In some instances, notably tax reform and health care, CBO’s acceptance of the administration’s estimates could well turn out to be a best-case scenario.   

For example, CBO assumed that the president’s tax reform proposals would be deficit-neutral, in keeping with a set of principles outlined by the administration. However, Trump’s tax proposals have been estimated by others to reduce revenues by $3 trillion to $7 trillion over 10 years based on the few details released. If that were all added to the existing deficits under the Trump budget, it could very likely result in a 10-year deficit greater than under current law.

On health care, CBO accepted the administration’s estimate of the net effect of legislation to repeal and replace the Affordable Care Act (ACA). The spending reduction portion of this estimate ($1.25 trillion) appears to include a substantial Medicaid cut relative to current law. Yet the administration also included an additional $610 billion Medicaid reduction without specifying how that would achieved. CBO generously “interpreted the Administration’s estimate as indicating a target for the budgetary effects of the detailed policies that might be proposed in the future.”

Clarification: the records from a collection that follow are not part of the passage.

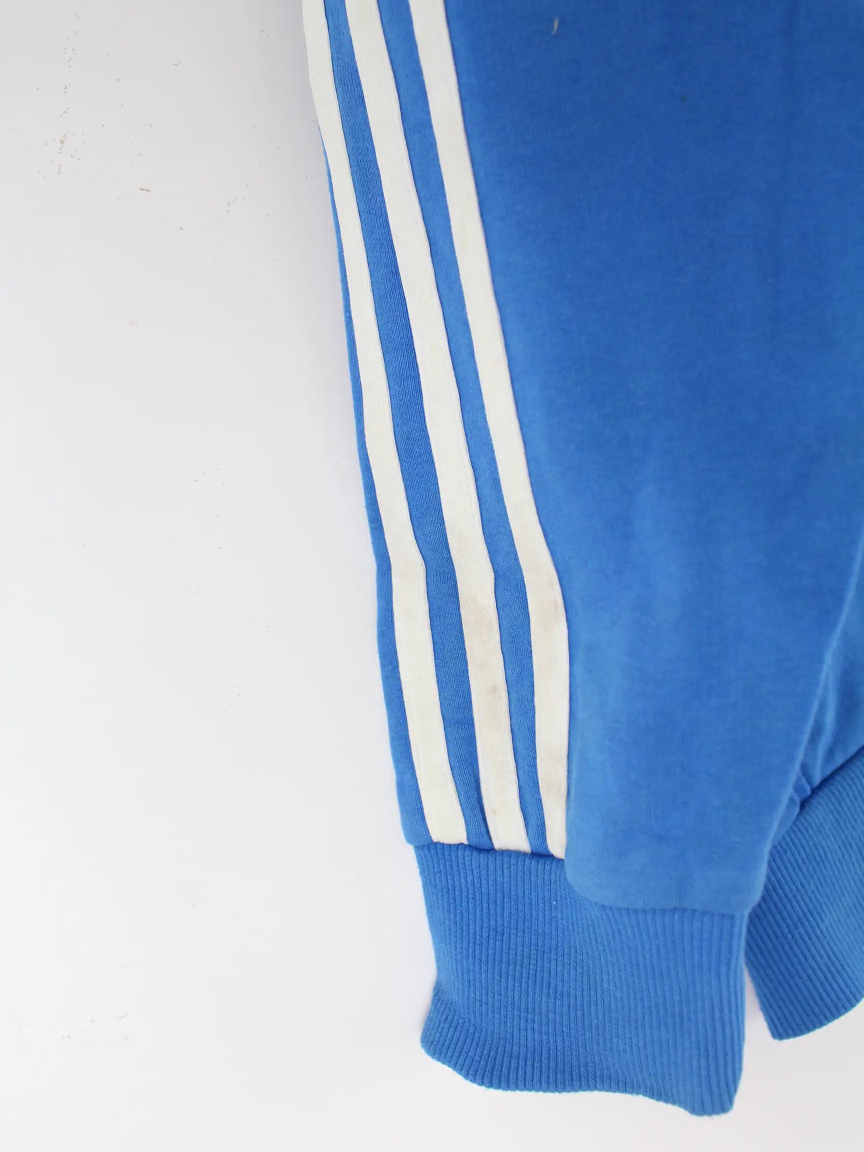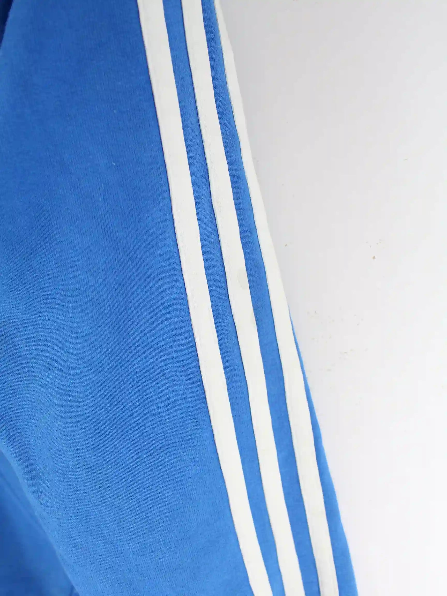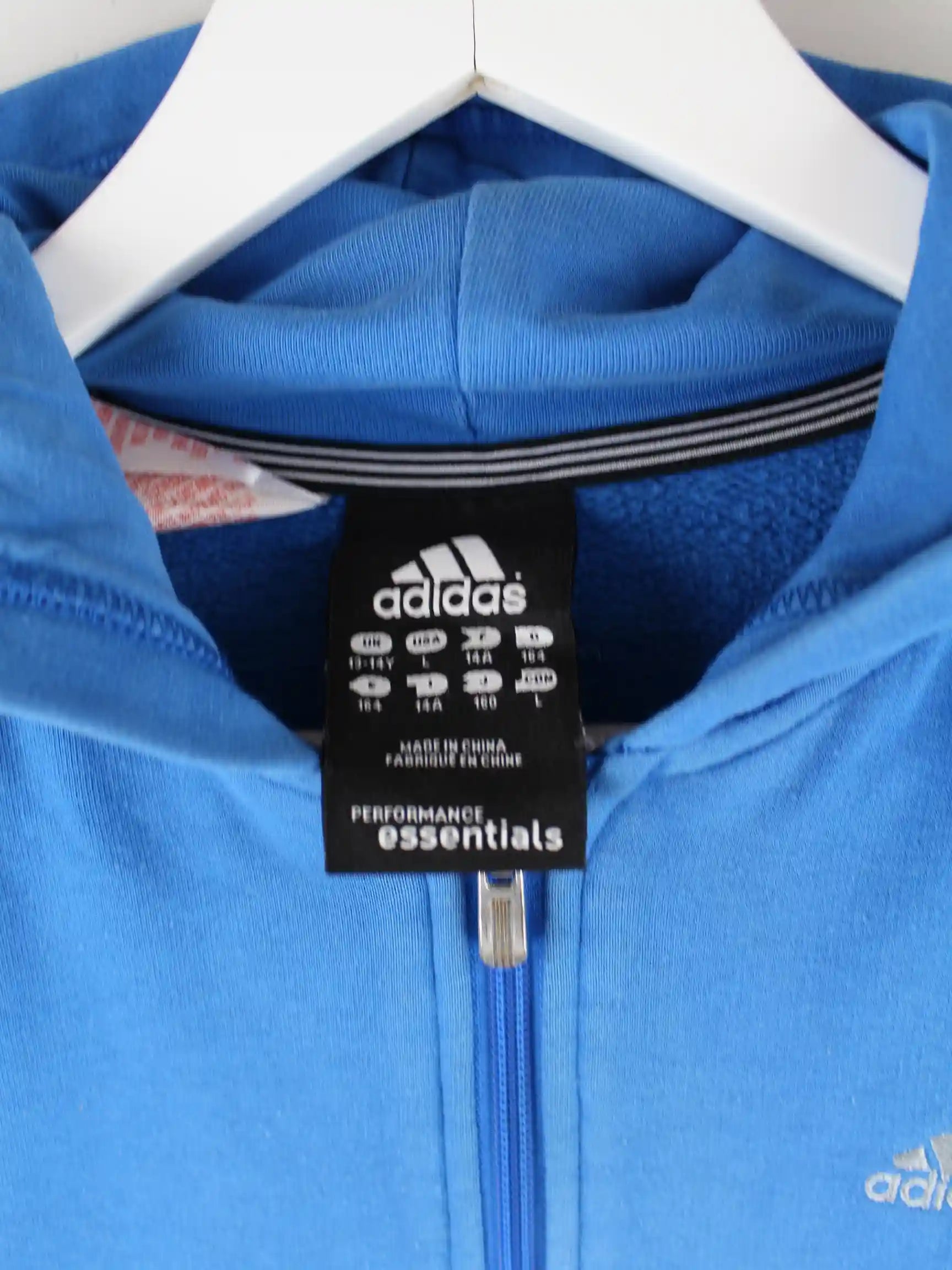 Hoodie des Labels Adidas mit Zip in Größe S. Er ist aus einer Baumwollmischung angefertigt und in Blau zu haben.
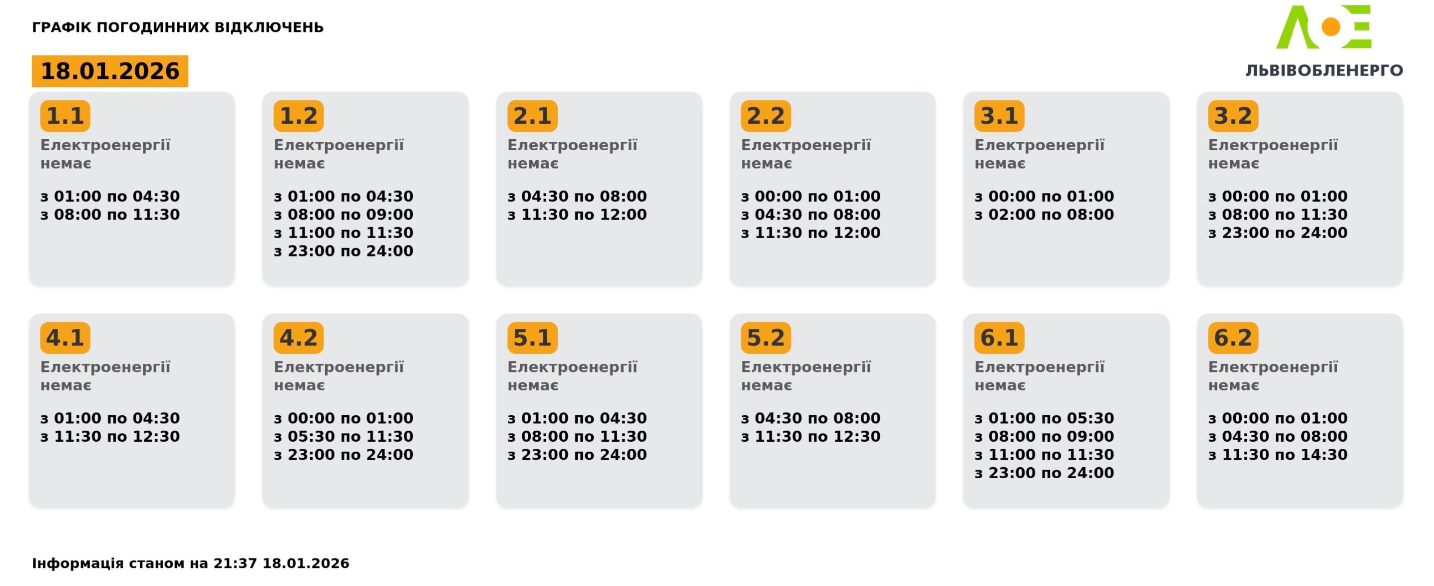 У неділю 18 січня, на Львівщині будуть застосовувати графіки погодинного відключення електроенергії. Споживачів просять економно використовувати електроенергію.
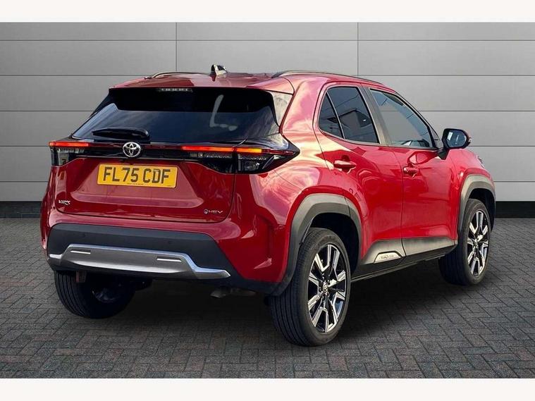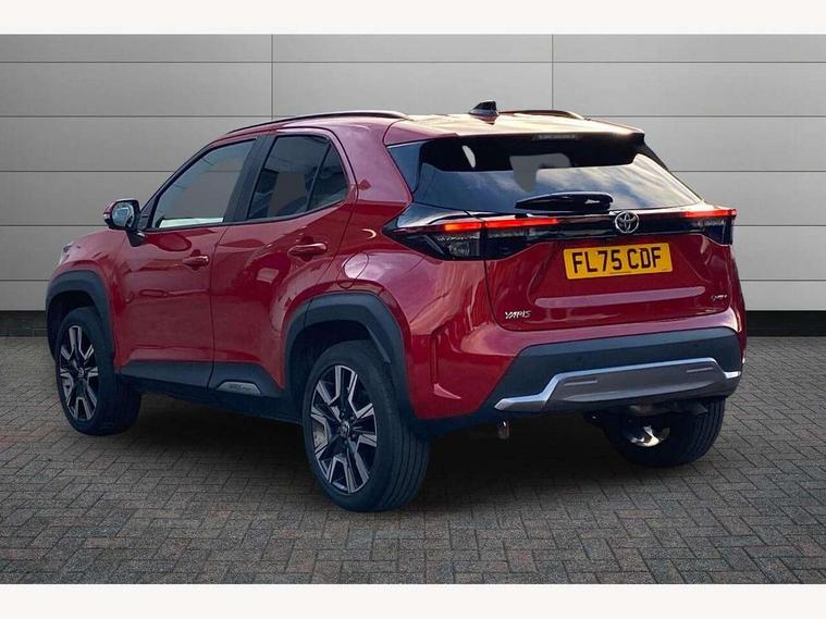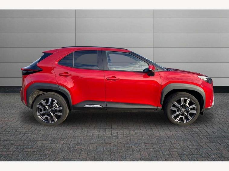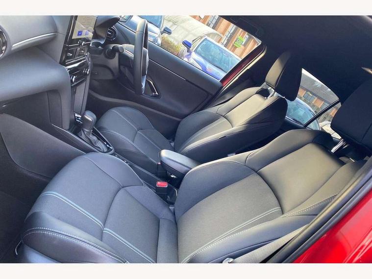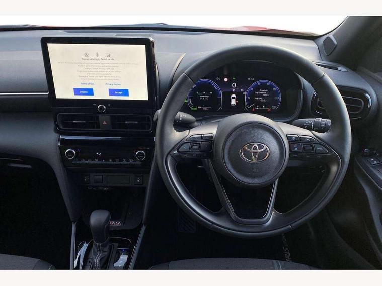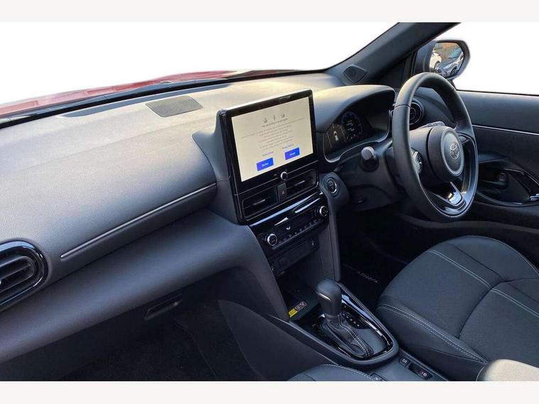 10.5" Multimedia display screen, 10.5" Toyota smart connect+ with navi multimedia system with wireless Smartphone integration incl Apple CarPlay, 360 degree panoramic view monitor, 7" Multi information display screen, Adaptive cruise control, multi info switches on steering wheel, Adjustable speed limiter, Advanced parking assist, Blind spot monitoring, Bluetooth connectivity, Color multi-information display, Digital speedometer, Digital tachometer, Drive mode selector, Driver attention alert system, Dynamic guide lines on reversing camera, eCall emergency system, Electric power steering, Emergency driving stop system, Full range intelligent adaptive cruise control, Hybrid system indicator, Intelligent front and rear parking sensors with clearance sonar and automatic braking, Intersection turn assist, Key reminder warning, Lane change assist, Lane trace assist, My T Connected services, Power tailgate, Pre-collision system enhanced with emergency steering assist, Rear cross traffic alert, Remote boot door release in cabin, Road sign assist - RSA, Safe exit assist, Tailgate, Telephone switch on steering wheel, Wireless Mobile Phone Charger, Steering assisted vehicle stability control, 6 speakers, DAB Digital radio, Front USB Type-C connector, Front USB-C device charger, Acoustic windscreen glass, Anti-jam protection on power windows, Auto dimming rear view mirror, Auto high beam [AHB] with on/off switch, Auto intermittent windscreen wipers, Automatic headlights, Automatic headlights cut-off, Automatically retractable door mirrors, Black door moulding, Black lower front grille, Black protection moulding on side doors, Black roof rails, Black wheel arch mouldings, Body colour door handles, Body colour front bumper, Body colour rear bumper, Electric adjustable heated door mirrors, Follow me home headlights, Front and rear electric windows with auto up/down function, Gloss black upper front grille, Headlight cut off reminder, Indicators integrated on door mirrors, Intermittent rear wiper, Kick activated power back door, LED 3rd brake light, LED daytime running lights guide, LED front fog lights, LED front light guide, LED Indicators, LED projector headlights, LED rear lights with sequential indicators, Manual headlight levelling, Meshed shape upper front grille, Noise reduction layer on windscreen, Pre wiring for towing hook, Privacy glass, Rain sensor, Rear roof spoiler, Rear side wing doors, Rear window defogger, Shark fin antenna, 12v power outlet - front, 12V power point in boot, 2x Rear coat hooks, 3 seat bench in 2nd row, 3 spoke leather steering wheel, 40/60 split deckboard, 40:20:40 split folding rear bench seat, Adjustable rear headrests, Adjustable speed limiter switch on steering wheel, Boot light, Central armrest, Driver and front passenger personal lights, Driver and front passenger Whiplash injury Lesseing seats, Driver and passenger seatback pockets, Dual zone automatic air conditioning, Fabric door trim, Front console box, Front cup holders, Front door pockets, Front head restraints, Front sport seats, Front/rear assist grips, Gear shift indicator, Grey roof lining, Heated driver and passenger seats, Heated steering wheel, Height adjustable driver's seat, Height adjustable front passenger seat, Hooks for luggage holding belts, ISOFIX child restraint system, Lane departure alert switch on steering control, Leather gearshift, LED centre room light, Light on driver and passenger sun visor, Manual telescopic and tilting steering wheel, Mirror on driver and passenger sun visor, Nanoe-X air purifier, Partial synthetic leather upholstery, Pollen air filter, Power adjustable lumbar support on driver seat, Rear cup holders, Rear door pockets, Rear head restraints, Remote air-conditioning system, Single compartment glovebox, Single front passenger seat, Soft tonneau cover, Storage box under boot floor, Voice recognition switch on steering wheel, White ambient lighting in centre console, White ambient lighting in footwell, White ambient lighting on front doors, Yaris cross floor mats, 3x3 point rear seat belts, ABS+EBD+Brake assist, Downhill Assist Control (DAC), Driver and passenger central airbags, Driver and passenger front airbags, Driver and passenger side airbags, Electronic parking brake, Emergency brake light system (EBS), Front seat belt reminder, Hill start assist control (HAC), Passenger airbag on/off switch, Pre-collision system with pedestrian and cyclist detection, Rear door child safety locks, Rear passenger side airbags, Rear seat belt reminder, Traction control, Tyre pressure warning system, Immobiliser, Intrusion alarm, Keyless smart entry with push button start, Power door locks, Power passenger window lock, Remote door lock, Gloss black side air vent surrounds, Tyre repair kit,
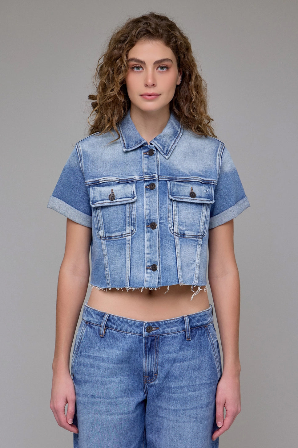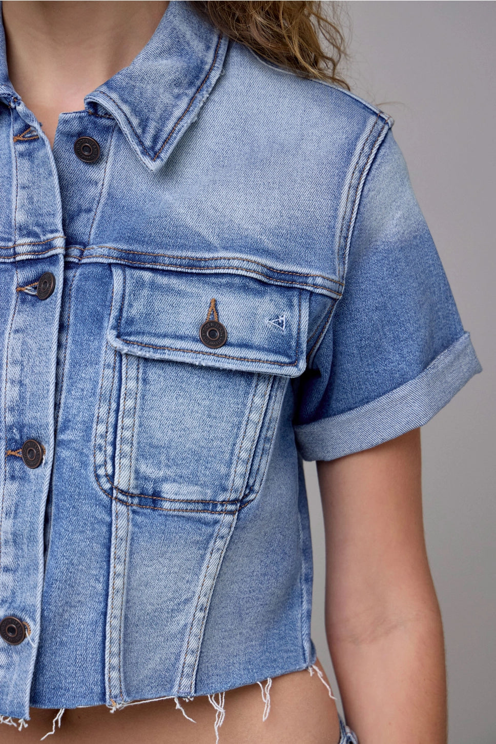Elevate your denim game with this cropped stretch trucker jacket in a versatile medium wash. Designed for the modern wardrobe, the fitted silhouette flatters your frame while the stretch fabric moves with you throughout the day. Perfect for layering over dresses, tees, or tanks, this timeless piece transitions seamlessly from casual weekends to night-out ready. The classic trucker style never goes out of fashion—invest in a jacket that works as hard as you do.
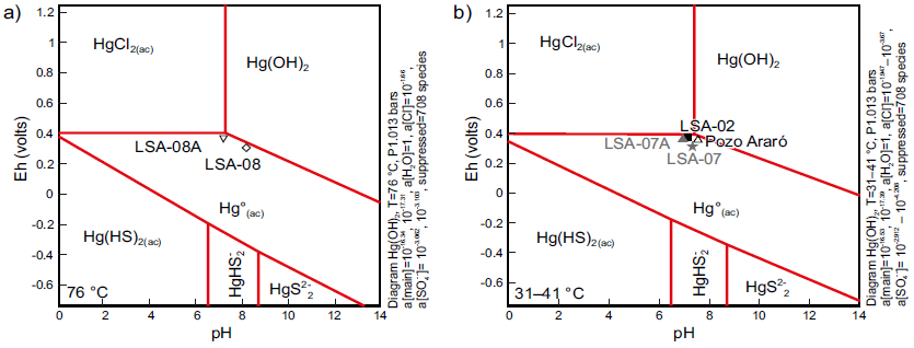 Figura 6 Diagramas de especies acuosas del mercurio. a) Para muestras de agua con temperatura a la descarga de 76° C y b) para muestras de agua con temperatura a la descarga de 31-41° C. Cada diagrama se realizó bajo las condiciones fisicoquímicas determinadas en campo, así como con las actividades calculadas a partir de las concentraciones analíticas cuantificadas en laboratorio.
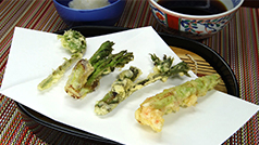 新井さんは、月山で採れた山菜はアクが少ないので、山菜のそのままの味を楽しんでもらおうと、山菜を刻んで、かき揚げにしました。
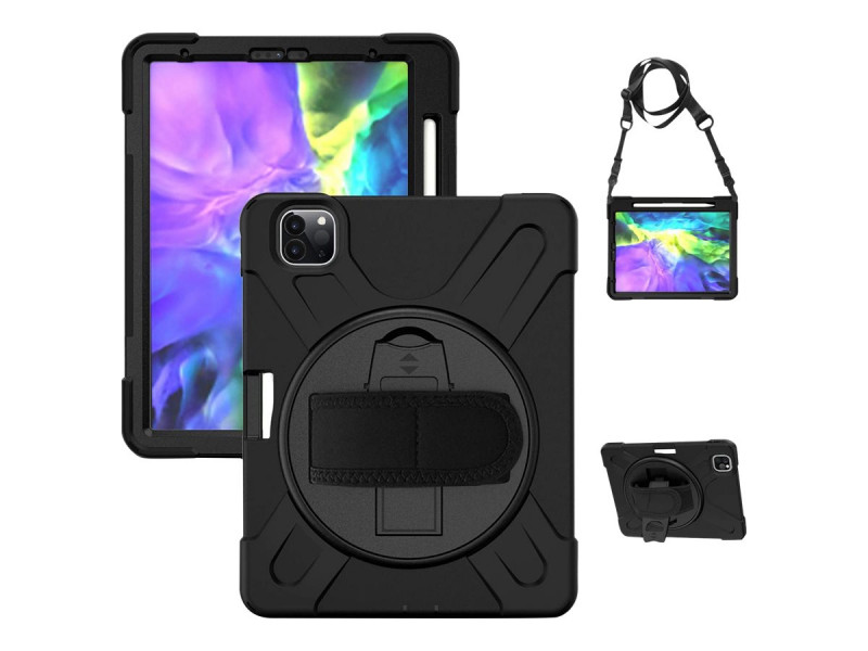Coque renforcée avec emplacement stylet, bandoulière, poignée rotative et pied support pour Apple iPad Pro 11" 2e génération (2020).
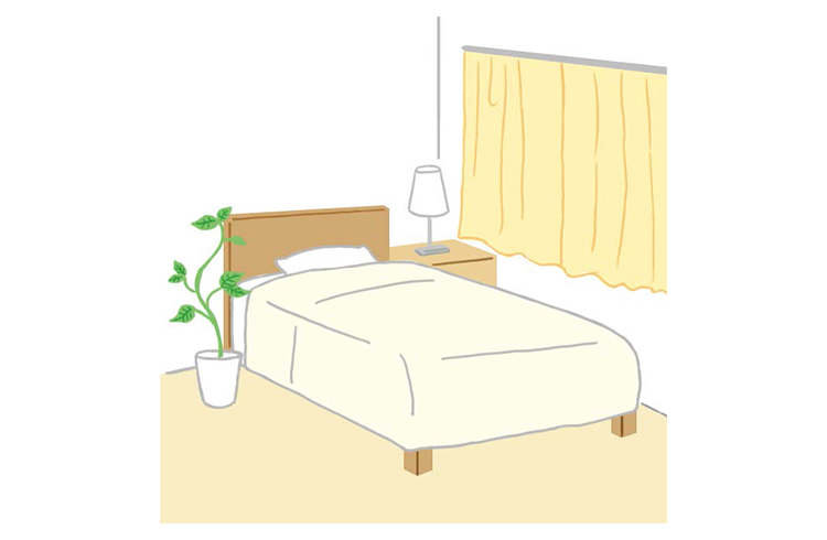 また寝室には、まぶしい蛍光灯ではなく暖色系の明かりがおすすめです。真っ暗だと眠れないという場合は、なるべく目に光が入らないよう足元にやさしい暖色系の明かりを置くと良いでしょう。

CBO also projects that the president’s proposals would bring discretionary spending (appropriations) to historically low levels as a share of the economy, from 6.2 percent of GDP in 2018 to 4.1 percent by 2027. To put this reduction in context, CBO notes that discretionary spending has never fallen below 6 percent of GDP since that number was first tracked in 1962 and has averaged 8.6 percent of GDP over that time.

Defense spending would continue to fall as a percentage of GDP from today’s levels despite President Trump’s claimed support for a more muscular defense structure. Base-level defense (not including war spending) would fall from 2.9 percent of GDP in 2017 to 2.5 percent in 2027. That would be just slightly higher than CBO’s baseline projection (2.4 percent of GDP).

More implausible is that nondefense discretionary spending -- which includes critical investments in our future, such as scientific research -- would fall to just 1.6 percent of GDP. That would not just be below the lowest level it’s been since World War II; it would be roughly half of the lowest level.

The CBO’s analysis of the president’s budget is instructive because it demonstrates how dependent that budget is on an assumed economic boost from policies that are too vague to assess. Viewed through conventional scoring methods, and even after giving the administration the benefit of the doubt on the budgetary effect of key proposals, debt as a share of GDP in the Trump budget ends up slightly higher in 10 years than CBO’s score of President Obama’s last budget (80 percent of GDP for Trump and 77 percent for Obama).

As the budget process plays out over the coming months, the Trump administration should fill in crucial details of its proposals, particularly on tax and health care reform, so that policymakers on Capitol Hill and the public can have a clearer sense of how it intends to make good on its promised goals. The administration should also rethink its rosy economic scenario, which far exceeds consensus projections from non-administration sources.